Fertilization introduces parental genetic information into the zygote to guide embryogenesis. Parental contributions to postfertilization development have been discussed for decades, and the data available show that both parents contribute to the zygotic transcriptome, suggesting a paternal role in early embryogenesis^1,2,3,4,5,6. However, because the specific paternal effects on postfertilization development and the molecular pathways underpinning these effects remain poorly understood, paternal contribution to early embryogenesis and plant development has not yet been adequately demonstrated⁷. Here our research shows that TREE1 and its homologue DAZ3 are expressed exclusively in Arabidopsis sperm. Despite presenting no evident defects in sperm development and fertilization, tree1 daz3 unexpectedly led to aberrant differentiation of the embryo root stem cell niche. This defect persisted in seedlings and disrupted root tip regeneration, comparable to congenital defects in animals. TREE1 and DAZ3 function by suppression of maternal RKD2 transcription, thus mitigating the detrimental maternal effects from RKD2 on root stem cell niche. Therefore, our findings illuminate how genetic deficiencies in sperm can exert enduring paternal effects on specific plant organ differentiation and how parental-of-origin genes interact to ensure normal embryogenesis. This work also provides a new concept of how gamete quality or genetic deficiency can affect specific plant organ formation.

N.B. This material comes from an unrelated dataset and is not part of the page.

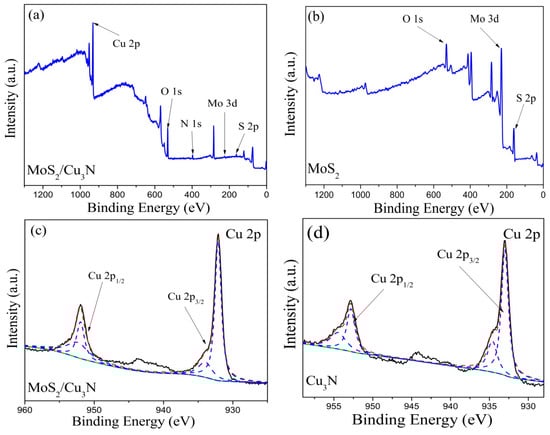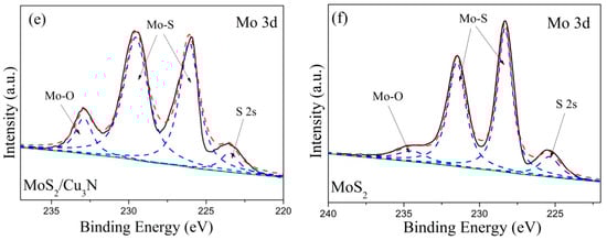 The chemical composition of the Cu3N/MoS2 heterojunction was characterized using XPS, and the test results are shown in Figure 4. Figure 4a,b illustrates the total spectrum of the Cu3N/MoS2 heterojunction and MoS2 thin film, respectively. Figure 4a depicts that the binding energies of the S2p, Mo 3d, N1s, O1s, and Cu2p peaks were 162.6, 227.8, 397.4, 530.5, and 931.3 eV, respectively [15]. Figure 4b shows that the S2p and Mo 3d peaks appeared at the binding energies of 161.5 and 229.5 eV, respectively. The O1s peak appearing in the spectrogram might be due to the inevitable atmospheric pollution in the heterojunction during transfer and testing. However, a weak S2p peak appeared at 162.6 eV possibly due to the trace S atoms sputtered out during the deposition of the remaining MoS2 layer in the vacuum chamber, thus causing pollution in the Cu3N layer. The high intensity peaks with binding energies of 931.1 and 952.1 eV corresponded to the Cu2p3/2 and Cu2p1/2 orbital peaks, respectively, as shown in Figure 4c. Figure 4d illustrates the fitting of Cu2p peaks in the Cu3N layer with the Cu2p3/2 and Cu2p1/2 orbital peaks at the binding energies of 932.81 and 952.76 eV, respectively [27]. In Figure 4c,d, weaker peaks appeared at the binding energies of 933.9, 952.6 eV and 934.5, 954.4 eV, which belong to Cu2+, which is caused by the slight oxidation of Cu+. Figure 4e,f depicts the Mo3d spectra in the Cu3N/MoS2 heterojunction and pure MoS2 layers, respectively. After the XPS spectrum of Mo3d was fitted, four peaks appeared with different intensities. The two main peaks located at 232.0 and 228.5 eV could be inferred as the Mo3d3/2 orbital peak in the Mo–S hybrid bond structure in MoS2 that characterized Mo4+ in MoS2. The two weak peaks at 223.46 and 232.95 eV could be attributed to the S2s orbital and Mo–O hybrid bond structure that indicated the formation of sulfide and partial oxidation on the film surface [23]. However, the Mo–S hybrid bond of the Mo3d orbital peak of pure MoS2 was located at the binding energies of 228.4 and 231.5 eV. The XPS spectra were consistent with the XRD and EDS results and indicated a large number of MoS2 and Cu3N in the heterojunction.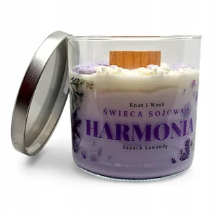 Świeca Sojowa naturalna ręcznie robiona duża 610ml ozdobna Harmonia Lawenda

受精将亲本遗传信息引入受精卵以指导胚胎发生。几十年来，人们一直在讨论父母对受精后发育的贡献，现有数据显示父母双方都对合子转录组有贡献，这表明父系在早期胚胎发生中的作用^1,2,3,4,5,6。然而，由于父系对受精后发育的特定影响以及支撑这些影响的分子途径仍然知之甚少，因此父系对早期胚胎发生和植物发育的贡献尚未得到充分证明⁷。在这里，我们的研究表明 TREE1 及其同源物 DAZ3 仅在拟南芥精子中表达。尽管在精子发育和受精方面没有明显的缺陷，但 tree1 daz3 出乎意料地导致了胚胎根干细胞生态位的异常分化。这种缺陷在幼苗中持续存在并破坏了根尖再生，与动物的先天性缺陷相当。TREE1 和 DAZ3 通过抑制母体 RKD2 转录发挥作用，从而减轻 RKD2 对根干细胞生态位的有害母体影响。因此，我们的研究结果阐明了精子中的遗传缺陷如何对特定的植物器官分化产生持久的父系影响，以及亲本基因如何相互作用以确保正常的胚胎发生。这项工作还提供了一个关于配子质量或遗传缺陷如何影响特定植物器官形成的新概念。